I am thinking about Rose’s work now, as I am getting to the last weeks of my fieldwork amongst irregular migrants in Hamburg, which I conduct as part of the WAIT project. The past months I have made a new acquaintance with silence. However, while Rose draws attention to the silence of that which is left out of the narratives of her informants, I want to draw attention to another form of silence. That is, the silence that occurs when the flows of words and related gestures between people I encounter in the field and myself halt. When the conversation suddenly dissolves and we pause, just looking at each other or into the air.
More specifically, I want to draw attention to the silence occurring in situations when I encounter despair, where I am unable to find, or choose not to speak, words of comfort, words of encouragement and reassurance. To paraphrase Doreen Massey’s definition of place as “the throwntogetherness of histories”, I suddenly find myself placed in a throwntogetherness of silences. My own silence; the silence of my companion; and the silence in-between us. In these places of silence, I gaze and listen and feel. Then my companion or I might comment the rainy Hamburg day, or the awaited bus arrives, and the place dissolves. I will use this opportunity to open a thinking about what might be learned in such places of silence, by paying attention to my own silence when I cannot or choose not to speak words of comfort.
"Where should I go? ...I cannot sleep outside”
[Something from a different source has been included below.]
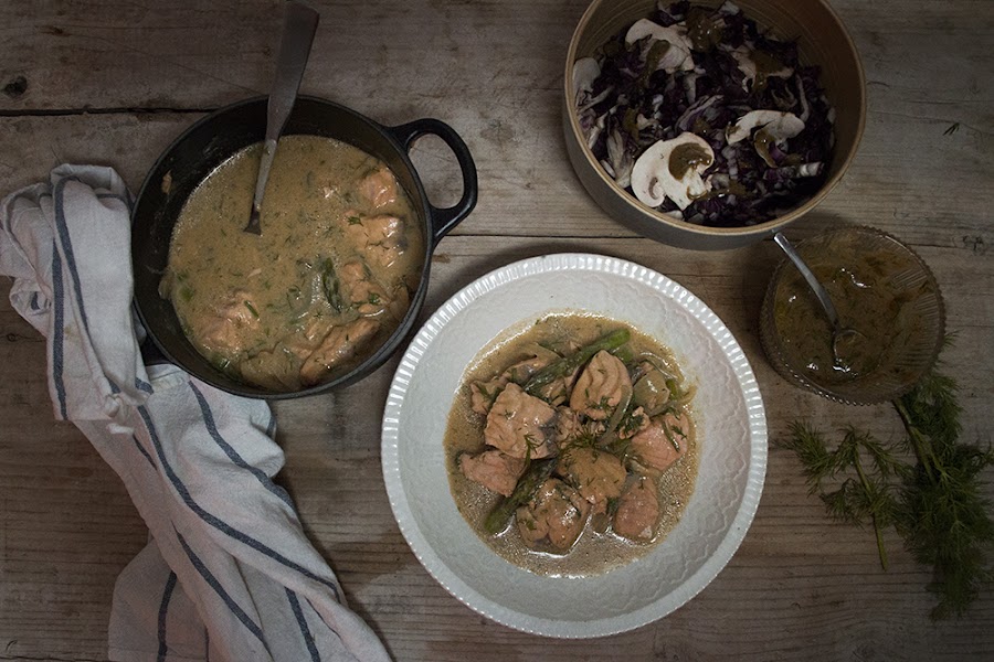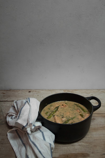 En este caso me decidí por dos de los ingredientes indispensables en toda despensa que se precie de más arriba de Bruselas, el salmón y el eneldo. Con estos dos ingredientes hay como setenta recetas diferentes y cada cual mejor aún, desde el fantástico Gravlax (salmón marinado), hasta un salmón con rabanitos y eneldo que pronto también veréis por acá. Como ha empezado el frío (ya era hora, por otro lado...como está el tiempo eh?... bueno, dejemos la conversación de ascensor), me decanté por este plato de cuchara y pan, eso sí, que no se os olvide el pan por que está de muerte esa salsita.

I am walking together with Lydia on a muddy path in a little forest just outside the city center of Hamburg. We are returning to the bus stop, in order to take the bus back to St. Pauli, the Hamburg neighborhood known for its football team and political (leftist) activism. About two hours ago, we were heading in the opposite direction, on our way to a free legal counseling for undocumented migrants. Lydia is a woman in her early thirties from Ghana. She has been traveling for years. One year ago, she arrived in Italy. Finding no housing and no work there, she decided to go to Hamburg where she has found temporary shelter in a mosque. We met last week in a health clinic, and she asked me to come with her today. She is sick and worries about her health. She wants to find out whether she can “get into a camp” in Germany, as she puts it, in order to get a place to stay, food and medical treatment.
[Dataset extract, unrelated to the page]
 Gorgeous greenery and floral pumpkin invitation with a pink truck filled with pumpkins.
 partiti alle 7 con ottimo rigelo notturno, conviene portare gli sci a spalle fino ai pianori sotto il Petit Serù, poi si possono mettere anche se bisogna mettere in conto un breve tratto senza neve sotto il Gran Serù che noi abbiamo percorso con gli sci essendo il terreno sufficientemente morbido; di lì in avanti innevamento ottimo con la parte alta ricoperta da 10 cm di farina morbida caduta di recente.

After an hour of waiting, a lawyer and a secretary greet us politely. They ask questions, Lydia answers. Where does she comes from? Does she have papers in Italy? Does she know anyone in Italy or in Germany that might help her? After a little while, the lawyer says, “I have to be honest with you, there are little hope of you being able to stay in Germany,” making it clear that if she applies for asylum, German authorities will probably deport her to Italy. He tells her that he does not think there is anything they can do for her that will be worth the effort. We leave the office and start the five minutes’ walk back to the bus stop. I say something about the consultation, and Lydia replies, silently, but I sense her despair: “Where should I go? …I cannot sleep outside.” I strongly feel the need to find something, and say something that might give her a gleam of hope. In my mind, I am going over her situation, my knowledge of the legal system, the support systems. I reach out for the only solid thing that comes to my mind - the mosque - and ask, “Can you sleep in a mosque in Italy?” I immediately wish I had kept my mouth shut. What a stupid, humiliating, hopeless question! “No” she replies silently. I can think of nothing to say, and just look at her. She looks ahead in silence; I do too.
“I believe I am slowly going crazy”
With the Integration Act from 2016, Germany issued a regulation opening for a temporary residency permit of five years duration for migrants who manage to start and successfully complete vocational training. In my conversations with the young Afghan men I meet in the camps in Hamburg, the regulation is a recurrent theme. As Afghans in general have little chance of getting residency in Germany, many see this regulation as their only opportunity to be able to stay in Germany. However, this is not the case for Naser. Naser is a man in his early twenties. He arrived in Germany two years ago. Like his friends at the camp, his application for asylum has been rejected by German authorities. However, contrary to most of his friends, he is not planning to start vocational training. He cannot wait five years to start earning money, he tells me. His family back home needs money, and he needs to work to support them. Nevertheless, every time we meet he returns to the theme of work versus vocational training, attesting to the strong imperative to start vocational training for young Afghans. Tellingly, when Naser wrote a letter about his dreams of working for his lessons in german, his teacher corrected him, rewriting his sentence to “I will start ausbildung” (training).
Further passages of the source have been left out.